Striking Out, More Bad Restaurant Experiences

A couple of months ago, I wrote about how my friend and I fled a popular downtown Jerusalem restaurant because their soup was inedible.  She couldn't stand the pepper and I was in pain from the salt.  That's a short time after they had served me soup that was dangerously past its prime.  After my complaints, they stopped serving it.

That friend and I then met again.  She told me of a new restaurant she had really liked.  It sounded good.  They had on display a sample meal which included fish, salad and chips.  There were two different prices, ns35 and ns39, if I remember correctly.  I asked for the cheaper one and requested salad instead of chips.  The waitress said "no problem."  Portions were rather skimpy, and I still felt hungry when I finished, but that wasn't the big problem.  The big problem was that they wanted me to pay ns42 for the meal.  I got angry and told them that I had made it very clear that I had ordered the ns35 meal.
"But you had a side order of salad."
"That was no side order of salad, and you never told me that I'd be charged extra for replacing the chips with salad.  I never would have ordered food here if I had known that."
The boss came out and asked what happened.  I told him.  He asked me what I was willing to pay.
"Thirty-five shekels, which is what I was told when I had ordered."

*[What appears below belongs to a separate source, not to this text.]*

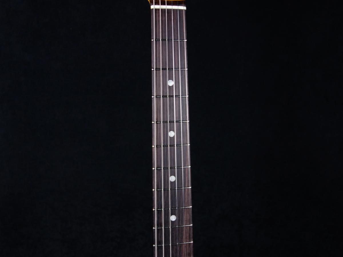 1965 Stratocasterは、1965 “C”シェイプメイプルネックに、大きめのパールドットインレイを採用したラウンドラミネイトローズウッド指板を備えているのが最大の特徴です。

And I also told them that I'd write about this awful experience, which I'm doing right now.  My friend liked the place and begged me not to use its name.  So, that's it.  I hope they've learned their lesson.  Maybe people who eat the chips find the more satisfying, but I consider it a very skimpy meal.

And another unpleasant restaurant experience with the same friend.  I guess it's good that we won't be eating out together for a bit.  She introduced me to a nice salad place, with good prices.  Actually, the food was good, too.  There's just no place to comfortably eat there.  The big problem was completely different.  Everyone who eats out with me knows that I photograph the food and then I blog about it.  What I started taking pictures the staff went ballistic. 
"No pictures!!!"
"But I want to give you free publicity.  I'm planning on writing only wonderful things."
"No, our boss doesn't allow it.  You have to contact him for permission."
Oy, I'm not doing well in the restaurant reviewing "business."  I wish I could get some invitations from the restaurants which would include free meals, like the Jerusalem Post writers get.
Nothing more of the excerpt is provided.